From the moment you lay eyes on it, The Black Book of Colors looks different. Its pages are slick black paper, with a couple of lines of type in white at the bottom of each double page. At the top, those lines are replicated in Braille. On the facing page is a raised image, black on black, that illustrates the text. This wonderful book in Braille is really designed for sighted children to experience what it’s like to be blind and therefore to depend on the sense of touch to read.
Thomas, the blind child whose story is told in the book, uses his highly developed senses of smell, taste, touch, and hearing—and his exuberant imagination—to experience what colors are like. “Red is sour like unripe strawberries and as sweet as watermelon. It hurts when he finds it on his scraped knee.” How well can a sighted child, by just touching the raised images without reading the text, decipher the shapes of the leaves and grasses and strawberries that Thomas’s sensitive fingers use to interpret colors and images?
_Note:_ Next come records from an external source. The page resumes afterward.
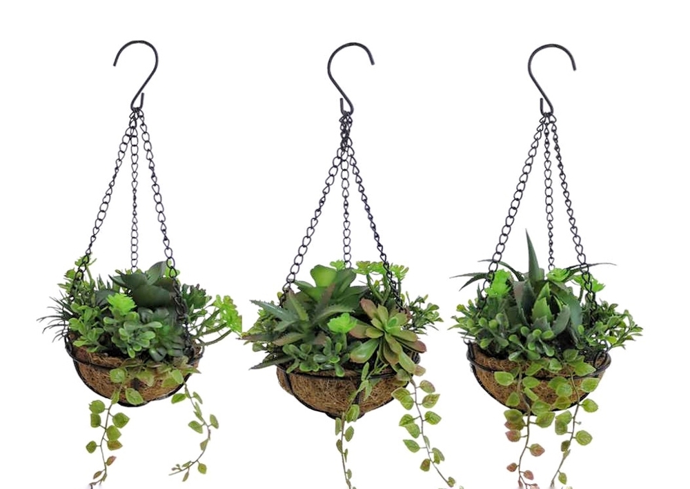 1 x Set 3 Faux Hanging Planter Succulents Assort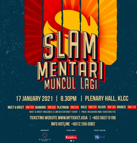 Slam yang dianggotai Zamani, Shah, Eddie, Man dan Lili kali terakhir membuat konsert adalah sekitar tahun 2017. Harga tiket bagi Slam Mentari Muncul Lagi bermula RM700 bagi sesi bersama peminat dan diikuti RM360 (Diamond), RM260(Platinum), RM200 (Gold), RM160 (Silver), RM130 (Bronze) yang boleh dibeli di www.myticket.asia.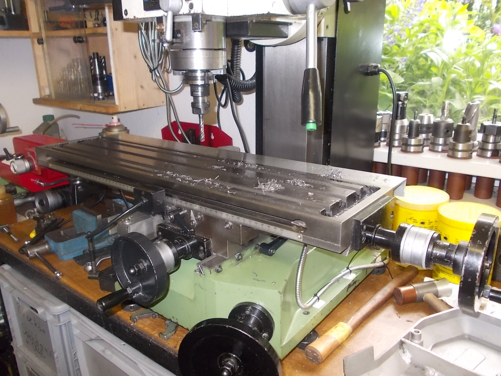 In der Werkstatt wurden viele Späne gemacht. Stephan brauchte eine Adapterplatte für eine Planscheibe an seiner Drehbank. Also haben wir man so was für ihn inkl. Bohrungen auf Drehe und Fräse gemacht.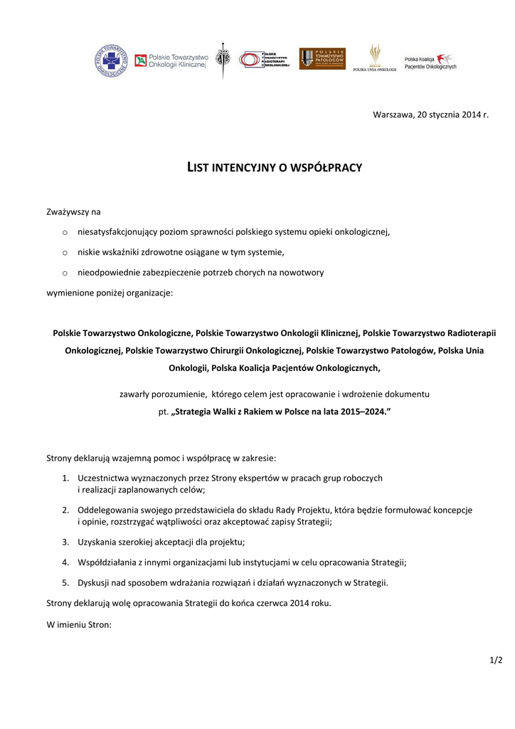 Warszawa, 20 stycznia 2014 r. LIST INTENCYJNY O WSPÓŁPRACY Zważywszy na o niesatysfakcjonujący poziom sprawności polskiego systemu opieki onkologicznej, o niskie wskaźniki zdrowotne osiągane w tym systemie, o nieodpowiednie zabezpieczenie potrzeb chorych na nowotwory wymienione poniżej organizacje: Polskie Towarzystwo Onkologiczne, Polskie Towarzystwo Onkologii Klinicznej, Polskie Towarzystwo Radioterapii Onkologicznej, Polskie Towarzystwo Chirurgii Onkologicznej, Polskie Towarzystwo Patologów, Polska Unia Onkologii, Polska Koalicja Pacjentów Onkologicznych, zawarły porozumienie, którego celem jest opracowanie i wdrożenie dokumentu pt. „Strategia Walki z Rakiem w Polsce na lata 2015–2024.” Strony deklarują wzajemną pomoc i współpracę w zakresie: 1. Uczestnictwa wyznaczonych przez Strony ekspertów w pracach grup roboczych i realizacji zaplanowanych celów; 2. Oddelegowania swojego przedstawiciela do składu Rady Projektu, która będzie formułować koncepcje i opinie, rozstrzygać wątpliwości oraz akceptować zapisy Strategii; 3. Uzyskania szerokiej akceptacji dla projektu; 4. Współdziałania z innymi organizacjami lub instytucjami w celu opracowania Strategii; 5. Dyskusji nad sposobem wdrażania rozwiązań i działań wyznaczonych w Strategii. Strony deklarują wolę opracowania Strategii do końca czerwca 2014 roku. W imieniu Stron: 1/2 Polska Koalicja Pacjentów Onkologicznych Jacek Gugulski Polska Unia Onkologii Dr Janusz Meder Polskie Towarzystwo Chirurgii Onkologicznej Prof. Wojciech Zegarski Polskie Towarzystwo Onkologiczne Prof. Jacek Jassem Polskie Towarzystwo Onkologii Klinicznej Prof. Maciej Krzakowski Polskie Towarzystwo Patologów Prof. Anna Nasierowska – Guttmejer Polskie Towarzystwo Radioterapii Onkologicznej Prof. Krzysztof Składowski 2/2

As children touch the pages and try to feel as much there as Thomas can, the book’s beautiful poetic language conveys his experience as well.
The Black Book of Colors is conceptually vigorous, technically sophisticated, and astonishingly simple in the way of something that has been honed to the essence. Its powerful, undidactic message of understanding will imprint itself on the hearts and minds - and fingers - of everyone who touches it.
Awards: Booklist Top 10 Art Books, School Library Journal Best Books of the Year, New York Times Best Illustrated Books, NCTE Notable Children's Book in the Language Arts, and Booklist Editors' Choice - Books for Youth.